For huge layouts, up to five Piko Boosters powered by five separate 5 amp power supplies can be connected and controlled by one Piko CS. Each track section powered by a Piko Booster must be isolated from all other track sections. I tried this out on the two track loops on my outdoor layout, one loop powered by the Piko CS and a 5 amp DC transformer, and the other loop powered by a Piko Booster and another 5 amp DC transformer. The two loops are connected by LGB track switches but are have LGB track isolators between the two loops. When a DCC decoder-equipped loco crosses from one loop to the other, there's a completely smooth transition as if the entire track system was electrically connected.

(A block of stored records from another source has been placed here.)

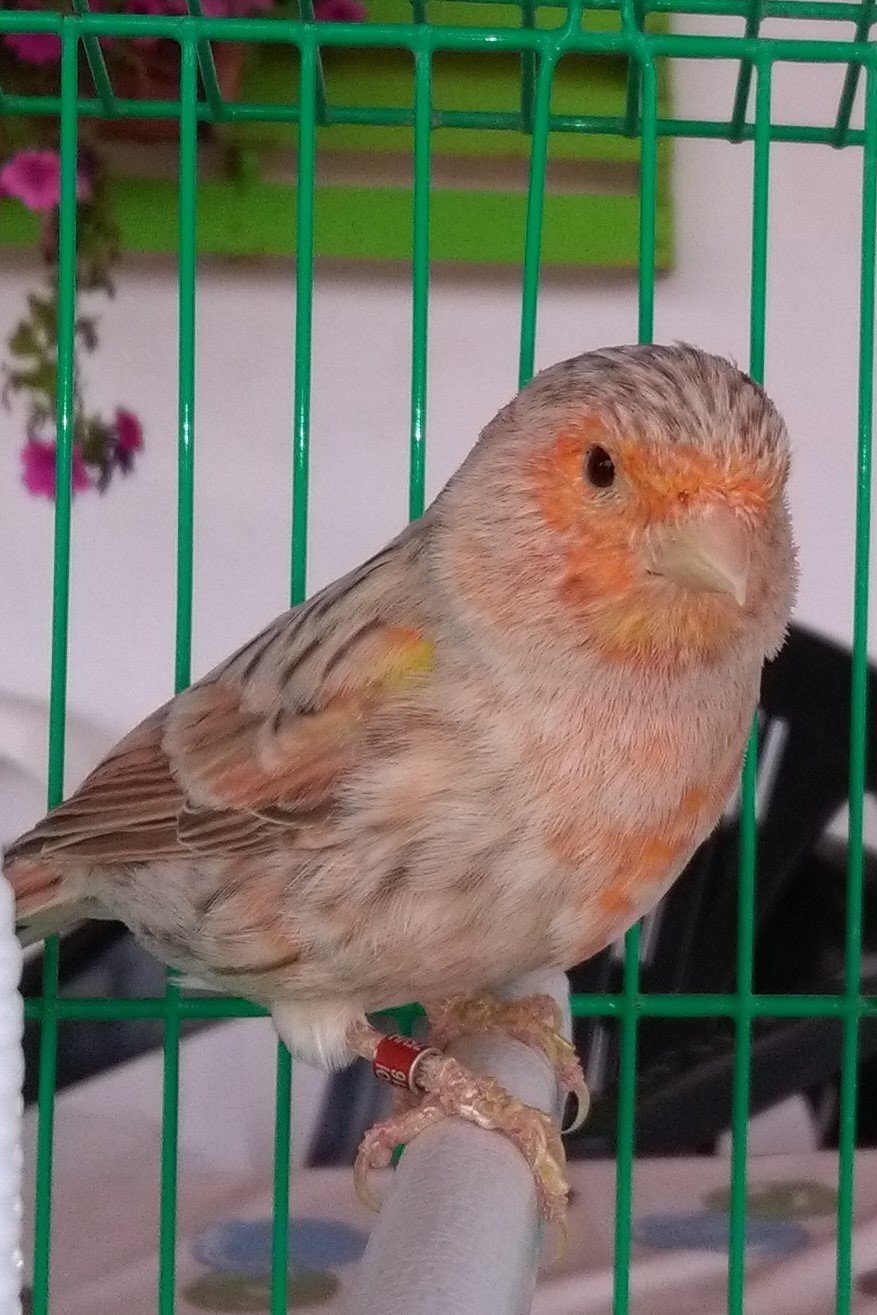 Ciao, quasi sicuramente è un canarino Agata rosso mosaico molto probabilmente mutato (topazio, pastello) vedi di che colore è l'occhio alla luce e magari manda una foto della schiena in modo da vedere il colore del disegno e delle penne. È un canarino 2016 c'è scritto sull'anello.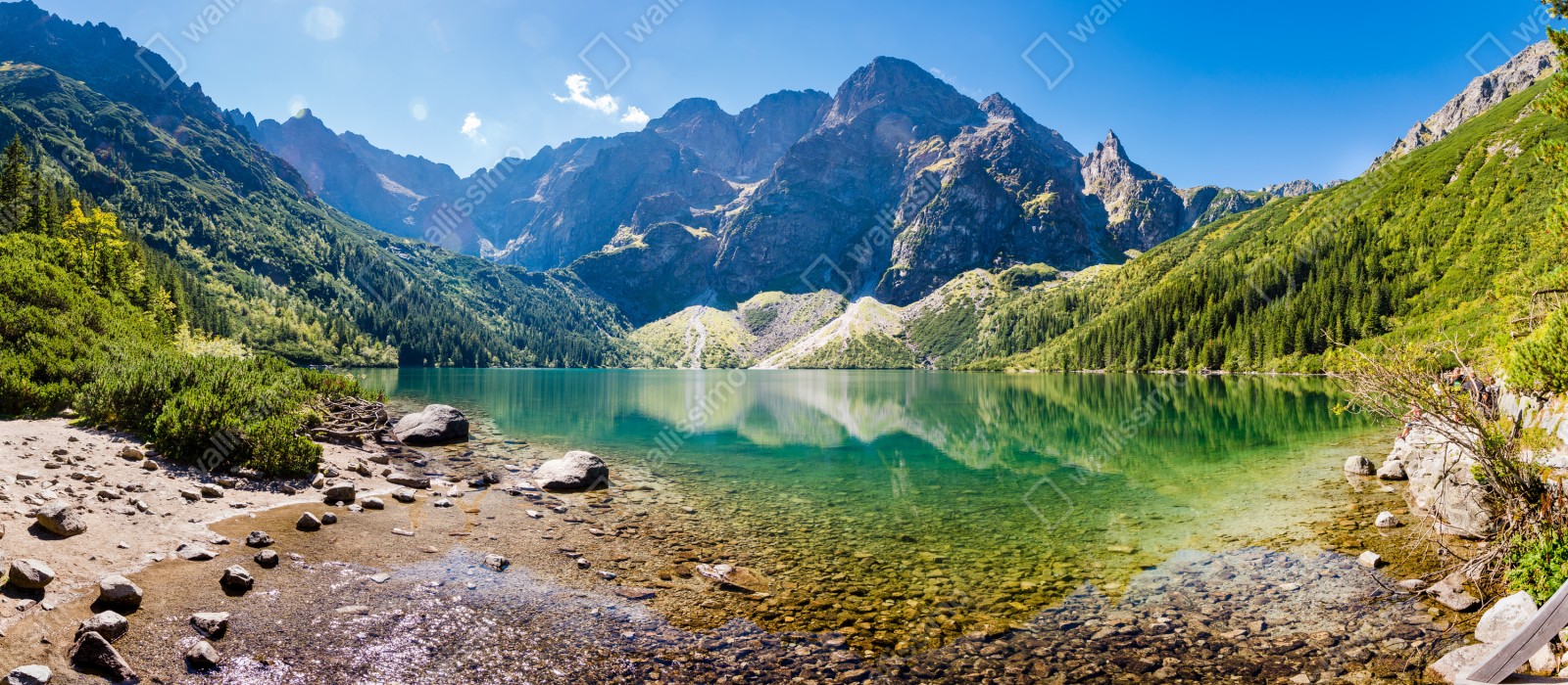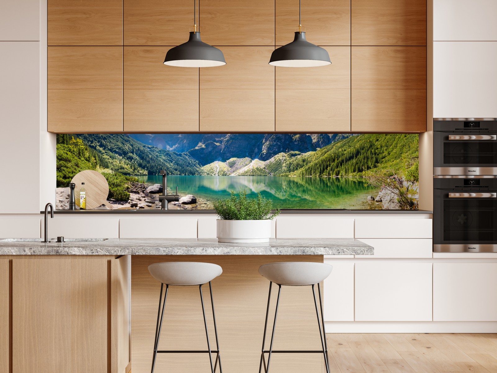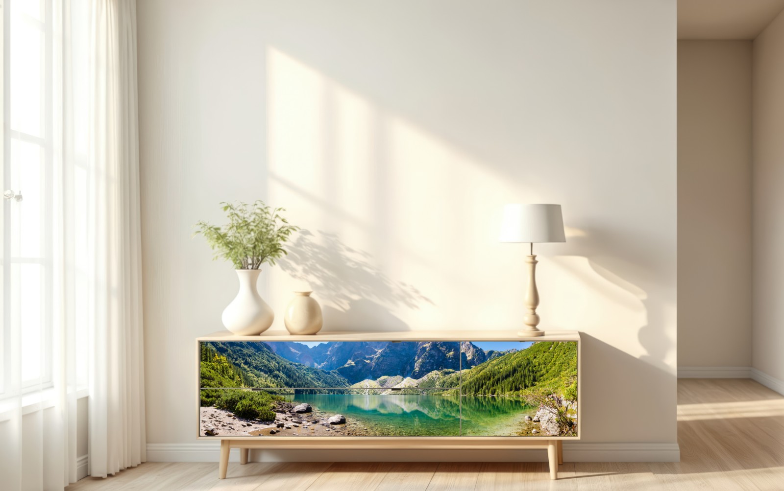 Ein ruhiger Panoramaausblick auf einen alpinen See mit kristallklarem türkisfarbenem Wasser und steilen Bergen, perfekt um Natur und Ruhe ins Zuhause zu bringen.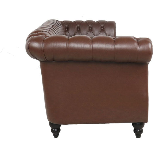 House 84' BLACK PU Rolled Arm Chesterfield Three Seater Sofa.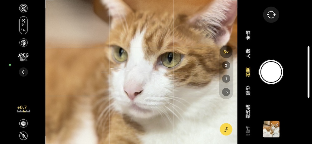 如果想要特定的取景,人像照功能現在也支援持續變焦。我們可以在「拍照」模式下使用變焦輪,或者在「人像」模式下用手指開合縮放。左上角也會出現輔助對焦框讓我們參考。
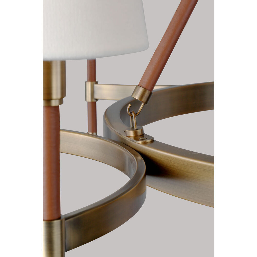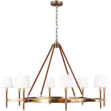 Visual Comfort Studio LC1018TWB Large Chandelier in Time Worn Brass / Saddle Leather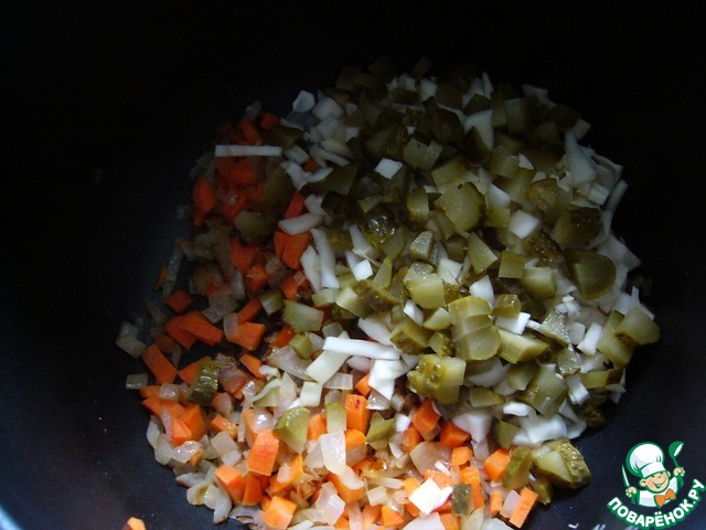 Капусту и солёные огурцы нарезать небольшими кусочками, добавить к луку с морковью и жарить до сигнала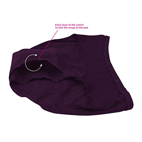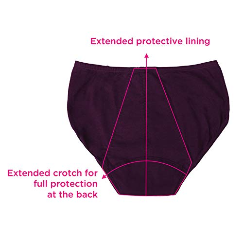 To be worn with sanitary napkins or cups on heavy flow days or panty liners on light flow days.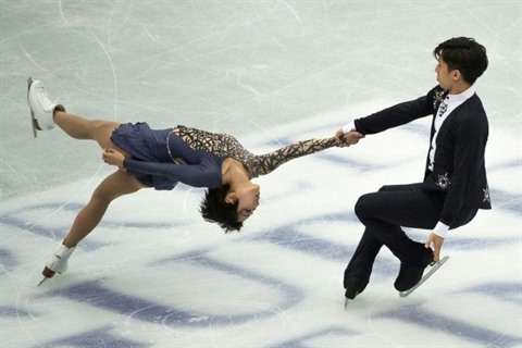| Le couple chinois Wenjing Sui (gauche) et Cong Han lors du programme court des Mondiaux de patinage artistique, le 20 mars à Saitama. |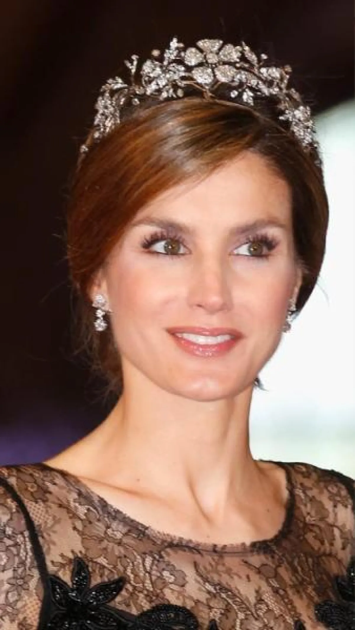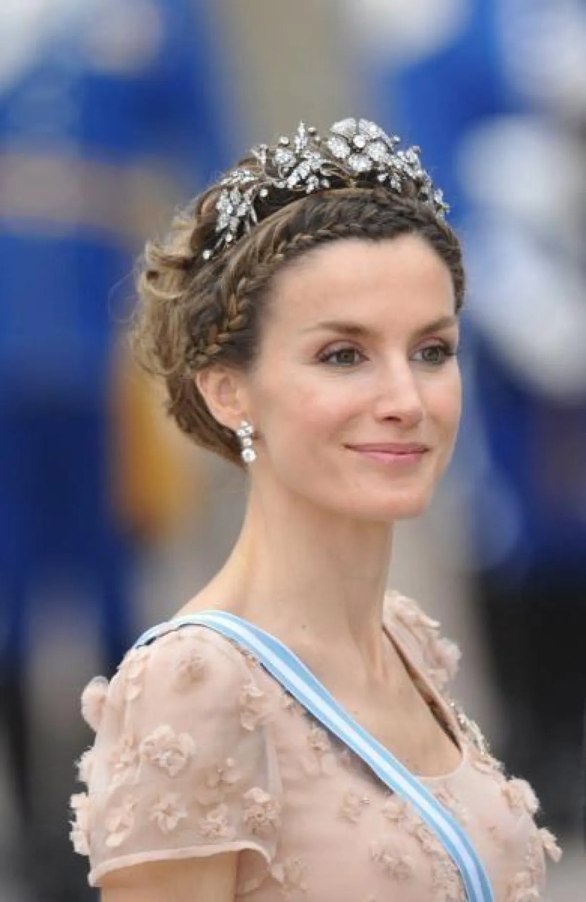 لإطلالة عصرية ومفعمة بالحيوية في يوم الزفاف، يمكن أن تختاري تاج ماسي بتصميم الورود، مثل التاج الذي ظهرت به الملكة ليتيزيا في أكثر من مناسبة.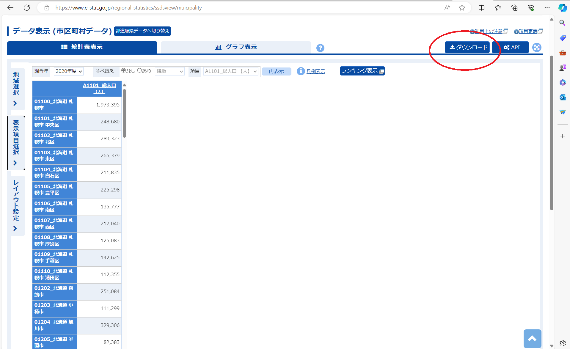 量的なデータ 市区町村コードが降られている コードと遂になっているもの探す e-stat
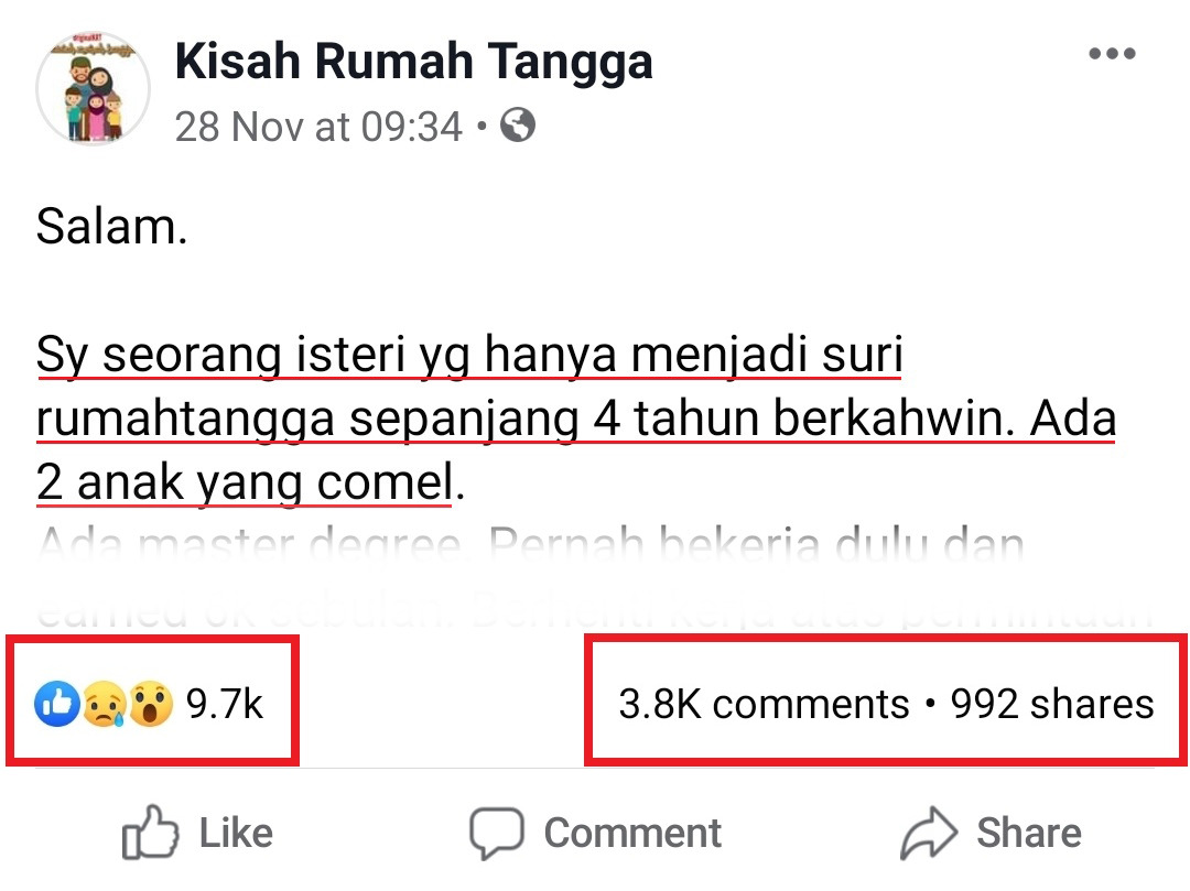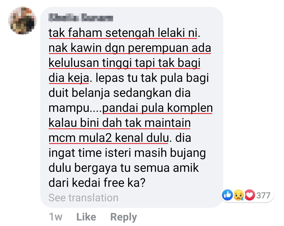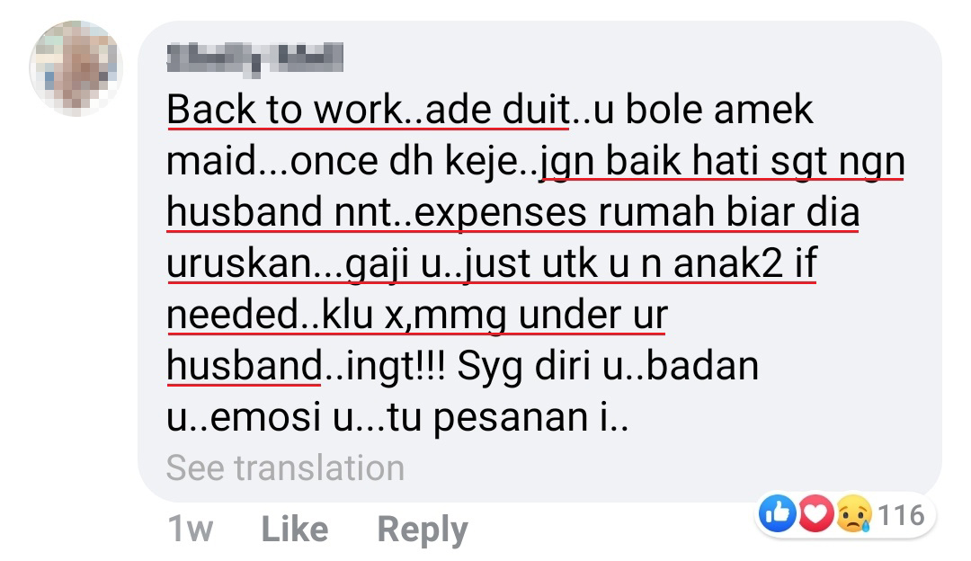 一名大马女子日前在《Kisah Rumah Tangga》面子书投稿表示:她婚后为了这个家,放弃了原有的高薪工作,现在竟然被老公嫌弃!

Of course, correct polarity wiring of the Central Station and the Booster to the two track loops is critical!

Although most of my locomotives have DCC decoders installed, I still have several in my upgrade que to convert, such as a USA Trains J1e Hudson with Phoenix sound. But in the mean time, I can run it on the outer loop by DC/Analog power, and run DCC power on the inner loop. However, to play it safe, I place a physical barrier across the switches between the two loops to prevent any accidental "operator error" of locomotives crossings between the DC powered and DCC powered tracks.

I also concur with Dan, I'd never run a DC/Analog locomotive on DCC power. I've tried it using an old LGB powered tender and the motor has a constant high pitched buzzing noise when sitting or moving.


----------